Which directory do you mean here?
> * I'll repeat a point I made earlier -- putting the meta data on svn
> properties means that some people will never use that. I'd prefer
> some file (maybe in iplt/build, maybe even using the same language
> that is used for the specs).
I don't understand this point. If it is some file in iplt then there's
an even bigger disincentive for people to update it themselves. If it
is a property it is not terribly hard to do a:
svn pset plt:tester:command-line "mzscheme -qu ~a" the-file.ss
or
svn pset plt:tester:timeout "60" the-file.ss
Maybe you are saying that in your experience people won't ever do
anything, so I might as well make it easier for me.
>
>> Combining this with the saving of terminal output is, IMHO, a fairly
>> robust way to locate errors and be testing suite agnostic. Basically,
>> there will be another column that says "Changed?" and whether the
>> output has changed. This is will be the basis of the "nag" emails with
>> some heuristics to avoid unnecessary naggery.
>
> But when would "change" go away? My best guess for this involves
> people logging in and clicking somewhere to acknowledge that a change
> is expected.
These changes would be computed on a per-revision basis. The only data
is whether it is changed relative to the last revision. Therefore,
there's no reason to acknowledge anything on the part of users. Am I
misunderstanding your question?
>
>> For example, if the file you just edited in the commit displays
>> something different, it won't consider it any error if it always
>> displayed something in that way. For example, if X.ss never printed
>> anything on stderr than it will nag if it starts to even though you
>> just edited it. However, if X.ss always printed on stderr, it won't
>> nag if it prints something different. Obviously these heuristics will
>> be very fluid.
>
> I think that nagging also on a different output would be good, with a
> meta-data way to avoid it.
>
>> * Using Subversion properties to set the timeout on a per-file basis
>>
>> This will help the build not wait for ever for DrScheme, as it won't
>> complete. By including it in Subversion, it will be versioned with
>> the file, so the metadata is not in a magical place on the server.
>
> The expected window title works better for this, IMO. Adds a test
> instead of a fragile timeout. (And BTW, timeouts can be very fragile,
> since the OS might do something like a backup which will throw
> everything off.)
This machine will do nothing else (including backups, because I could
just rerun the software... everything it does is soft state.)
>
>> * Emitting the status of a build on twitter
>
> (Is that *really* necessary...?)
Well, I use twitter, so it would be nice for me to know what the
server is doing without getting lots of emails or having to check a
site. (My main point in including the bullet is that you won't
shouldn't expect informative emails unless something bad happened.)
>
>> * Eventually I'd like to do two different kinds of builds: A "fast"

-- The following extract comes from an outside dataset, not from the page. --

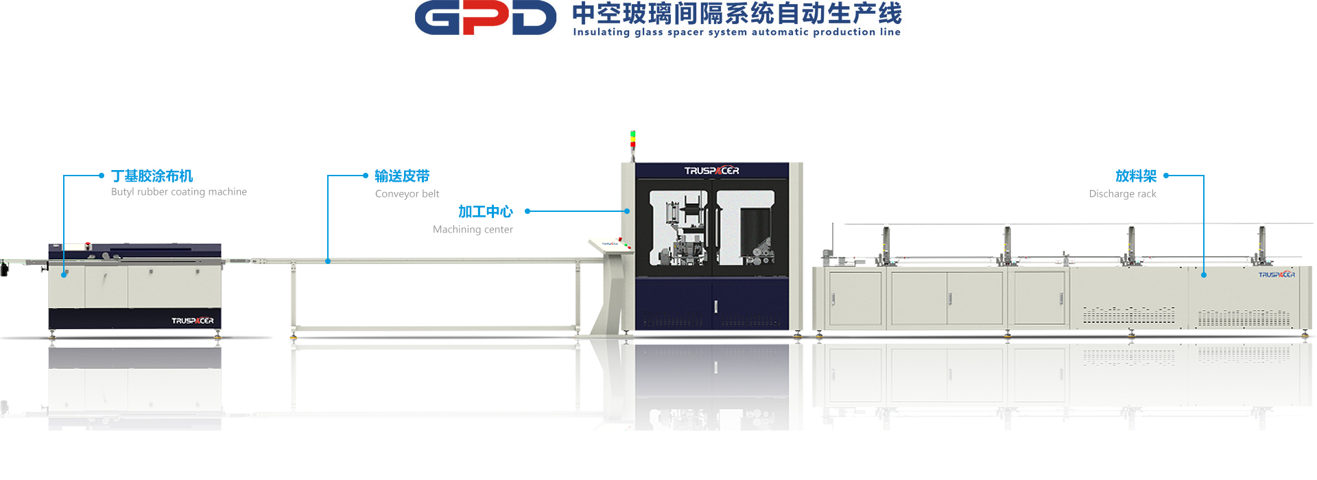 該生產(chǎn)線采用了創(chuàng)新的中空玻璃間隔條制造技術(shù)和工藝,主要由放料架、加工中心、輸送帶、丁基膠涂布機(jī)四部分組成??杉庸?span lang="EN-US">8A-24A鋁隔條,成框大小300-2000mm。自動上料、自動灌裝、自動打膠、實(shí)現(xiàn)了鋁隔條制框的全自動化生產(chǎn),是中空玻璃制框的又一新模式。
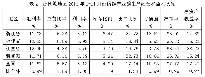 從生產(chǎn)經(jīng)營和盈利狀況看,浙閩贛紡織產(chǎn)業(yè)鏈毛利率2011年1-11月份為11.71%,為全國平均數(shù)的0.99倍,三費(fèi)比率(營業(yè)、管理和財(cái)務(wù)費(fèi)用率之和)為6.14%,為全國平均數(shù)的1.08倍,利潤率為5.39%,為全國平均數(shù)的1.05倍;庫存比率為5.94%,為全國平均數(shù)的1.19倍;出口比例為22.73%,為全國平均數(shù)的1.33倍;企業(yè)虧損面為10.84%,為全國平均數(shù)的0.99倍。由此可見,浙閩贛地區(qū)的盈利狀況接近于全國紡織產(chǎn)業(yè)鏈的平均水平。

>> build that uses the previous slow build, but updates to the next
>> version and perhaps does some sort of dependency heuristic to not
>> run everything. A "clean" build corresponding to this. The goal
>> would be that the fast build would be done within 30 minutes, but
>> the clean would be available in a few hours.
>
> The time to run each of the files is probably far more dominating than
> the time to do a full build.
We're using the word "build" differently. I mean: everything my
software does, i.e., running all the files. My "fast" version would
not run _everything_ but would have some heuristic about what files
should be run given commits. (Such as, everything in the same
collection.)
>
>> It took 7.34 hours to do the build on my Macbook in power save mode.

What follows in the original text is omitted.